Work task. Excluding every picture, print exactly the lines from the one containing "中文在线平台提供7万余集听书" through the end of the material below, both ends included.

The data.
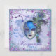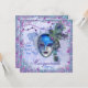 Uma bela máscara de mascarada de penas de pavão com pavões, brilho e impressão de bambo em detalhes elegantes. Perfeito para o seu temático evento de Ano Novo. Bonito brilho púrpura e azul pastel e as estrelas rebordam sobre um fundo de cor aquosa macia com miçangas e sotaques de pérolas. A parte traseira tem plano de fundo e borda correspondentes. Todo o texto em frente e verso está pronto para você personalizar com as informações de sua parte.
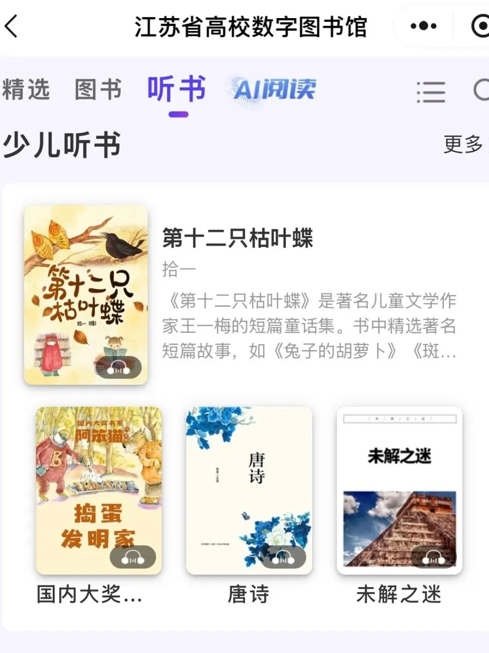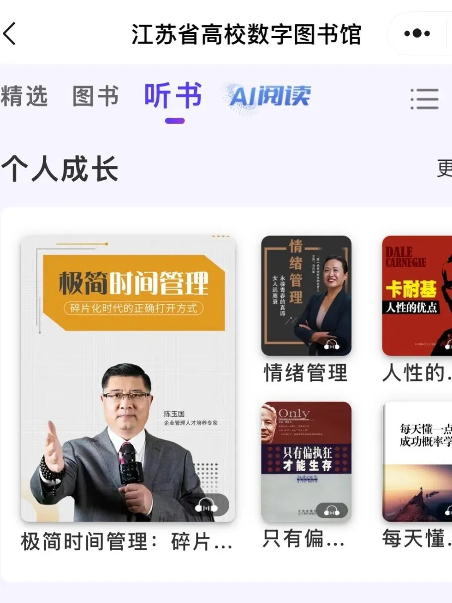 中文在线平台提供7万余集听书资源,涵盖理学、经济学、文学、哲学、艺术学、管理学等13大类。不仅有专业类听书,更有国家一级播音员根据近年来畅销经典文学作品录制的有声读物,为高校师生提供了丰富多样的阅读体验。
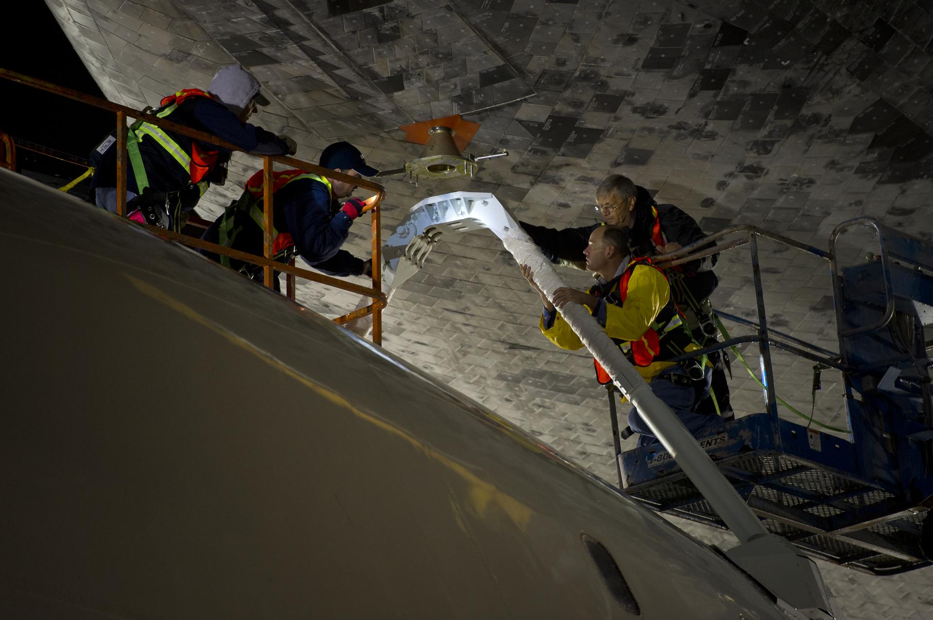 Workers monitor the lift of the space shuttle Discovery from the top of the NASA 747 Shuttle Carrier Aircraft (SCA) at Washington Dulles International Airport, Thursday, April 19, 2012, in Sterling, VA. Discovery, the first orbiter retired from NASA’s shuttle fleet, completed 39 missions, spent 365 days in space, orbited the Earth 5,830 times, and traveled 148,221,675 miles. NASA will transfer Discovery to the National Air and Space Museum to begin its new mission to commemorate past achievements in space and to educate and inspire future generations of explorers. Photo Credit: (NASA/Bill Ingalls)

Solution to the exercise.
 中文在线平台提供7万余集听书资源,涵盖理学、经济学、文学、哲学、艺术学、管理学等13大类。不仅有专业类听书,更有国家一级播音员根据近年来畅销经典文学作品录制的有声读物,为高校师生提供了丰富多样的阅读体验。
 Workers monitor the lift of the space shuttle Discovery from the top of the NASA 747 Shuttle Carrier Aircraft (SCA) at Washington Dulles International Airport, Thursday, April 19, 2012, in Sterling, VA. Discovery, the first orbiter retired from NASA’s shuttle fleet, completed 39 missions, spent 365 days in space, orbited the Earth 5,830 times, and traveled 148,221,675 miles. NASA will transfer Discovery to the National Air and Space Museum to begin its new mission to commemorate past achievements in space and to educate and inspire future generations of explorers. Photo Credit: (NASA/Bill Ingalls)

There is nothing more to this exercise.